I am looking through a long list of data in excel. In this long list there is a column that has a mix of number characters (digits) and alpha characters, and non-alpha-numeric characters. – so a text column. I am trying to find 1-2 words in the middle of the cells in this column. The times these words appear are always after a four digit number and a space. (N.B 4 digit numbers do not appear before words I am not interested in).
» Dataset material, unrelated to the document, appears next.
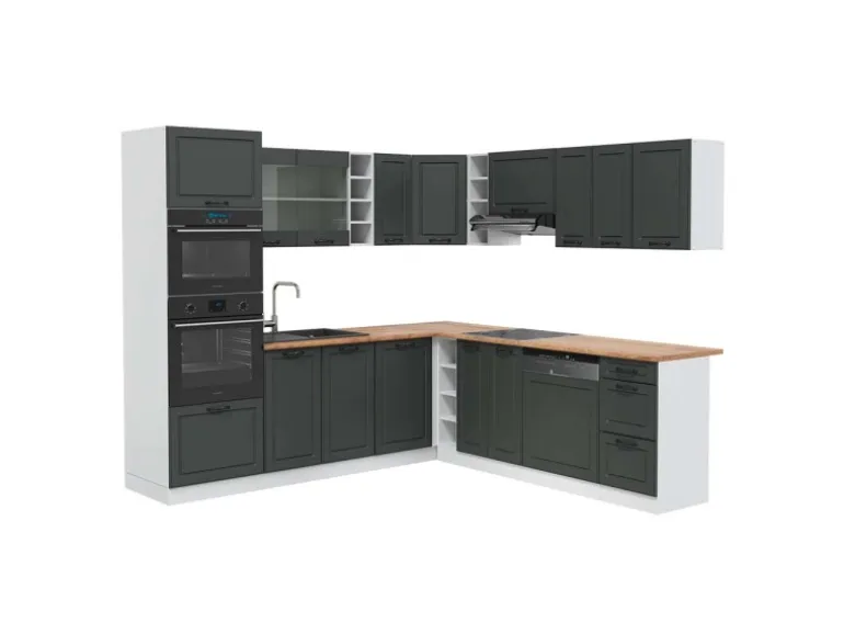 Die Küche in L-Form bietet zusätzliche Module und ein umstellbares Design nach Belieben

I have a tool that lets me save lists of regular expressions in excel and have written a list of rules that will find the 4 digit numbers and two words after it provided they are between 3-11 characters each word, and then extract the match to a new column Sample : -

\b\d{4}\b\s*\b[A-Z]{11}\s*\b[A-Z]{11}\s*

\b\d{4}\b\s*\b[A-Z]{10}\s*\b[A-Z]{11}\s*

\b\d{4}\b\s*\b[A-Z]{9}\s*\b[A-Z]{11}\s*

\b\d{4}\b\s*\b[A-Z]{8}\s*\b[A-Z]{11}\s*

and

\b\d{4}\b\s*\b[A-Z]{11}\s*\b[A-Z]{10}\s*

\b\d{4}\b\s*\b[A-Z]{11}\s*\b[A-Z]{9}\s*

\b\d{4}\b\s*\b[A-Z]{11}\s*\b[A-Z]{8}\s*

b\d{4}\b\s*\b[A-Z]{11}\s*\b[A-Z]{7}\s*

This has created a list of 121 different combinations and works very well.
I am sure there was a simpler way of writing these than I’ve chosen but that is fine. Using copy and paste it took me about 10 minutes once I figured out how to write the rules, and takes 10 seconds to run the lot. –

The only problem is - in the instances where there is only one word I want to find there is sometimes 1 of 4 other alpha based words that appear after the first word that I do not want to include. These are : -

INTE
MANU
PMNT
Payment

What I want to do is include a section to my above regular expressions that excludes any second words where the above examples are found.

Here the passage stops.